THE TASK → Each line below is to be copied exactly; images do not go into the copy.

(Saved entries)
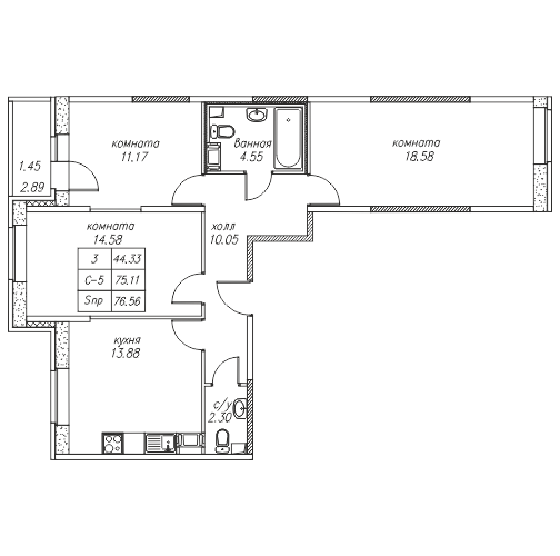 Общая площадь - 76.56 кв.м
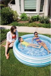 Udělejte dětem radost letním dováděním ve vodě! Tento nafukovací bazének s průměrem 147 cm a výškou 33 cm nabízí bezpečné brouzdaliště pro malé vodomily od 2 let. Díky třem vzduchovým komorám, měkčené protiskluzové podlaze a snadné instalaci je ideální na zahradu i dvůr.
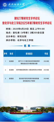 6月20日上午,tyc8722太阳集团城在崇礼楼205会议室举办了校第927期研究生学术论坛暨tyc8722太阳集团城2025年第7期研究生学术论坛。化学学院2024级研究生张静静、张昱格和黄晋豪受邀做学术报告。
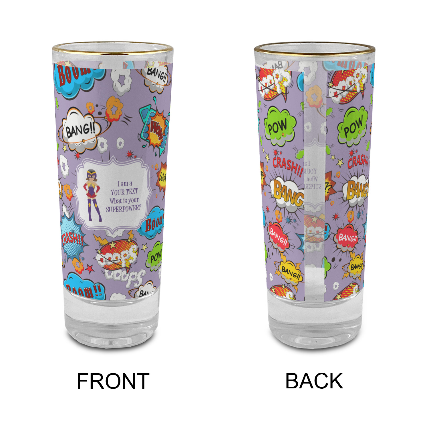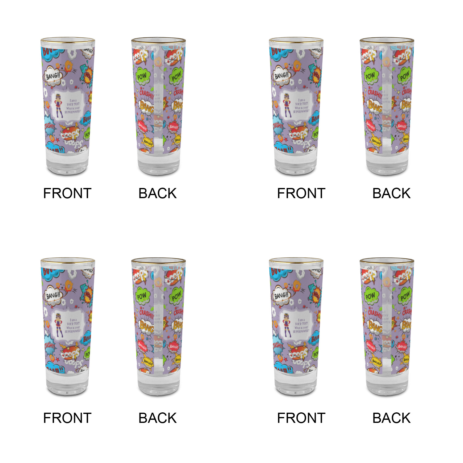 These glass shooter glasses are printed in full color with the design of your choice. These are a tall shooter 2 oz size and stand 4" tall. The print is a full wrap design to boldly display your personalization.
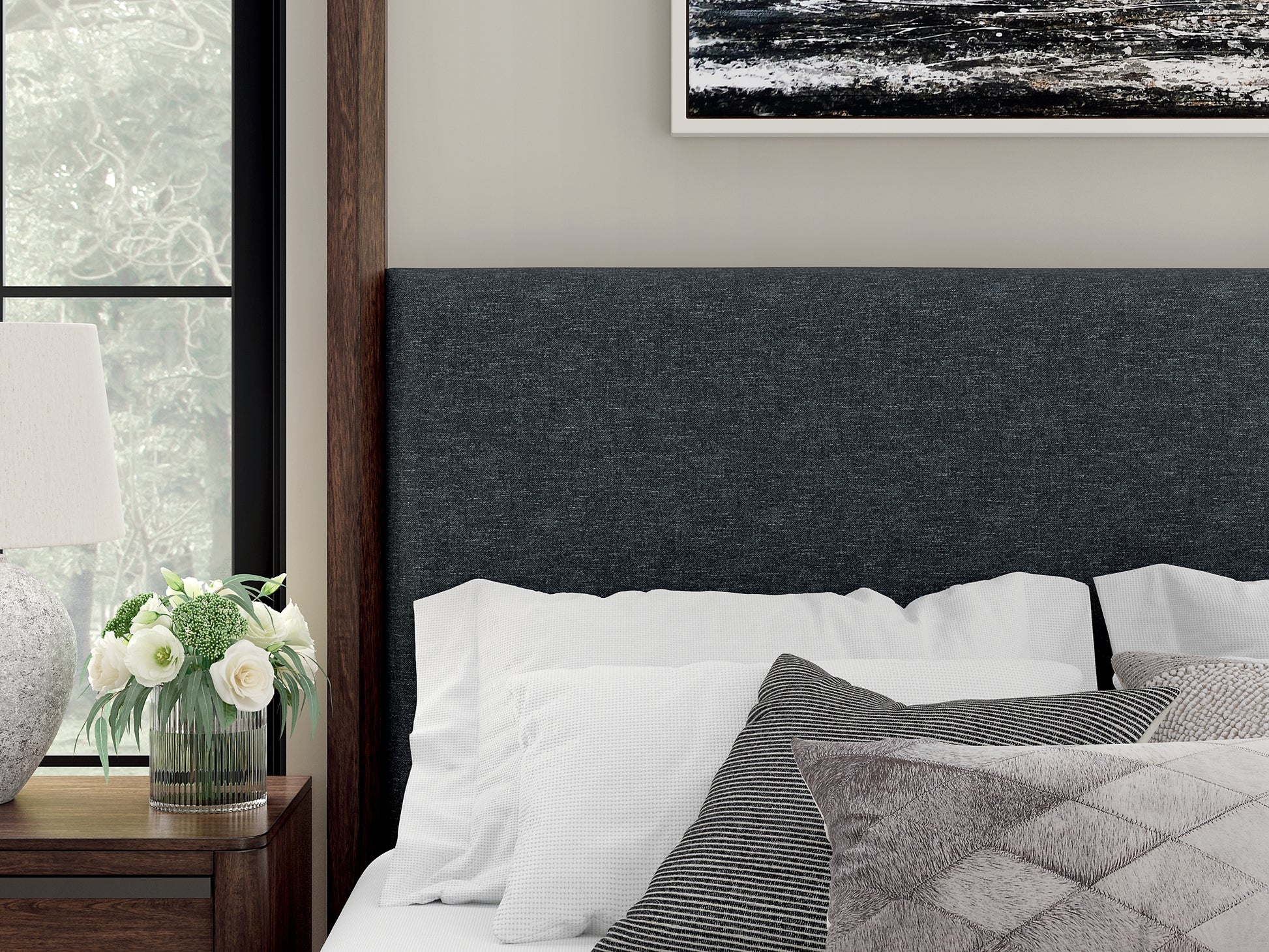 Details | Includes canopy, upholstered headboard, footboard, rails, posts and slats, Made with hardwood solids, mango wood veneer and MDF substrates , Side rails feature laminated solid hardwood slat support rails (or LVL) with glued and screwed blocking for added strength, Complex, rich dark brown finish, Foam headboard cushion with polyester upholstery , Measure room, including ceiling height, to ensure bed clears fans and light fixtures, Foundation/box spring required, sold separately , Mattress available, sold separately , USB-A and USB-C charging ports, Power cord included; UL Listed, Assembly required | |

RESPONSE TO THIS EXERCISE →
 Общая площадь - 76.56 кв.м
 Udělejte dětem radost letním dováděním ve vodě! Tento nafukovací bazének s průměrem 147 cm a výškou 33 cm nabízí bezpečné brouzdaliště pro malé vodomily od 2 let. Díky třem vzduchovým komorám, měkčené protiskluzové podlaze a snadné instalaci je ideální na zahradu i dvůr.
 6月20日上午,tyc8722太阳集团城在崇礼楼205会议室举办了校第927期研究生学术论坛暨tyc8722太阳集团城2025年第7期研究生学术论坛。化学学院2024级研究生张静静、张昱格和黄晋豪受邀做学术报告。
 These glass shooter glasses are printed in full color with the design of your choice. These are a tall shooter 2 oz size and stand 4" tall. The print is a full wrap design to boldly display your personalization.
 Details | Includes canopy, upholstered headboard, footboard, rails, posts and slats, Made with hardwood solids, mango wood veneer and MDF substrates , Side rails feature laminated solid hardwood slat support rails (or LVL) with glued and screwed blocking for added strength, Complex, rich dark brown finish, Foam headboard cushion with polyester upholstery , Measure room, including ceiling height, to ensure bed clears fans and light fixtures, Foundation/box spring required, sold separately , Mattress available, sold separately , USB-A and USB-C charging ports, Power cord included; UL Listed, Assembly required | |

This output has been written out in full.